Pope Francis prays at the Ermineskin Cree Nation Cemetery before meeting with First Nations, Métis and Inuit communities at Maskwacis, Alberta, July 25, 2022. CNS photo/Paul Haring

Editorial: We need to talk

By 
  • September 15, 2022

This week, our magazine Penance and Progress that commemorates and explores Pope Francis’ penitential pilgrimage to Canada is off the press.

Although the news Niagara of the current moment can make the pontiff’s summer journey already seem like a distant cork bobbing far downstream — “forget the Pope’s visit; the Queen’s having a funeral!” — those six days in July will surely endure as a key turning point in reconciling Indigenous and non-Indigenous relations for the country and for Catholics.

The importance of the pilgrimage is why, with the support of our subscribers and generous donors as well as backing from Canadian Catholic News, The Catholic Register invested in having our Associate Editor embedded with the traveling Vatican press corps to provide front row coverage of Francis’ travels. Michael Swan was there with the Holy Father from Rome to Edmonton to Quebec City to Iqaluit and back to Rome.

It’s equally why, with tremendous support from our advertisers and a distribution agreement with the Archdiocese of Toronto, we were able to publish a 64-page full-colour magazine detailing the events in words and texts, with abundant background stories and personal reflections from Indigenous and non-Indigenous voices on the meaning of July 24-29, 2022.

The magazine is commemorative. We also sought to make it contemplative. We wanted to capture the vitality of events. But we ordered the publication to encourage deeper reflection on moving forward along the reconciliation path. Texts of the Pope’s addresses are included along with prompt questions for parishes, schools, lay associations and individuals to develop their own understanding of this critical historical moment.

Copies go out to our regular subscribers in the next week and will be distributed in bulk to parishes across the Archdiocese of Toronto to coincide with the National Day of Truth and Reconciliation. We hope dioceses as well as schools and individuals across Canada will order copies, too.

Of course, at the most obvious level, a magazine is a magazine. A newspaper is a newspaper. They come. They go, albeit with more enduring power than the micro attention span theatre of internet info bits. But the deeper intention of Penance and Progress, as with The Catholic Register itself, is to contribute to robust Catholic conversation. The reality is that, as Canadian Catholics, we need to talk.

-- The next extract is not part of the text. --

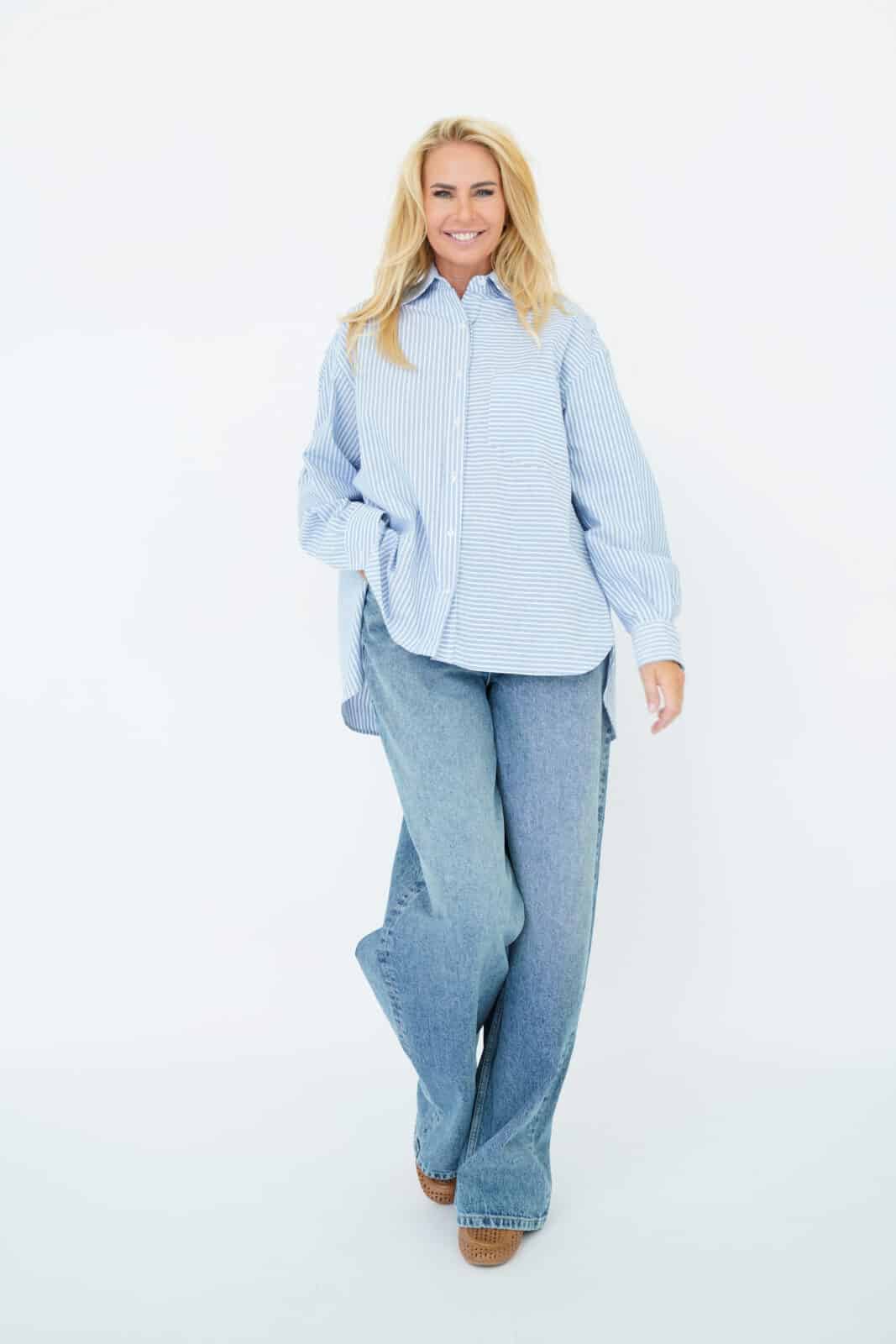 SOUTH BLOUSE Blue – White Oxford Digi Stripe

To say we need to talk as Catholics is not to say we need to force agreement. Au contraire. Among the multitudinous splendours of our Holy Mother the Church is that our faith in Christ gives us safe ground to at times charitably disagree.  But we need Catholic crucibles, forums, media in which agreement and faithful disagreement on how to live as Catholics can be expressed. The Catholic Register strives, in its way, to help mediate that need. Penance and Progress, we pray, will be a catalyst to extend a penitential pilgrimage into a robust Catholic dialogue.